4. **Design Constraints Checklist** — Applicable constraints from CLAUDE.md Key Design Decisions and docs/requirements/Component-*.md documents, each mapped to a work package.
5. **Work Packages** — Numbered tasks with:
- Description
- Acceptance criteria (must cover every checklist bullet mapped to this work package)
- Estimated complexity (S/M/L)
- Requirements traced (HighLevelReqs bullet IDs + REQ-* IDs + design constraint refs)
6. **Test Strategy** — Unit, integration, and failover tests required
7. **Verification Gate** — What must pass before the phase is considered complete
8. **Open Questions** — Any ambiguities discovered, added to `questions.md`
### Bullet-Level Extraction
When a phase covers HighLevelReqs sections, the plan must decompose each section into its individual requirements:
- Each bullet point or sub-bullet is a separate requirement line item.

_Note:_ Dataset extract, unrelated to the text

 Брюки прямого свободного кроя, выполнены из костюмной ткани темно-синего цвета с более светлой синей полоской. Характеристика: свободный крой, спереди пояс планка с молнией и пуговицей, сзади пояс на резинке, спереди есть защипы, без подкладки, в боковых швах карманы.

- Each sentence within a bullet that introduces a distinct constraint or behavior is a separate requirement.
- Negative requirements ("cannot", "does not", "no") are explicit line items — they become acceptance criteria that verify the behavior is correctly prohibited.
- For sections split across phases, each phase lists only its bullets. After all plans covering that section are generated, verify the union is complete.
**Example**: Section 4.4 "Script Capabilities" decomposes into:
- `[4.4-1]` Read attribute values (live + static)
- `[4.4-2]` Write attributes — data-sourced writes go to DCL, value updates on device confirm
- `[4.4-3]` Write attributes — static writes persist to SQLite, survive restart/failover, reset on redeploy
- `[4.4-4]` CallScript with ask pattern, concurrent execution
- `[4.4-5]` CallShared executes inline (no separate actor)
- `[4.4-6]` ExternalSystem.Call() synchronous
- `[4.4-7]` ExternalSystem.CachedCall() with S&F
- `[4.4-8]` Send notifications
- `[4.4-9]` Database.Connection() for raw ADO.NET access
- `[4.4-10]` Cannot access other instances' attributes or scripts
### Design Constraint Extraction
Each phase plan must also scan the following sources for implementation constraints relevant to its components:
1. **CLAUDE.md → Key Design Decisions**: Each bullet is a constraint. Tag with `[KDD-category-N]` (e.g., `[KDD-runtime-3]` for "Staggered Instance Actor startup on failover").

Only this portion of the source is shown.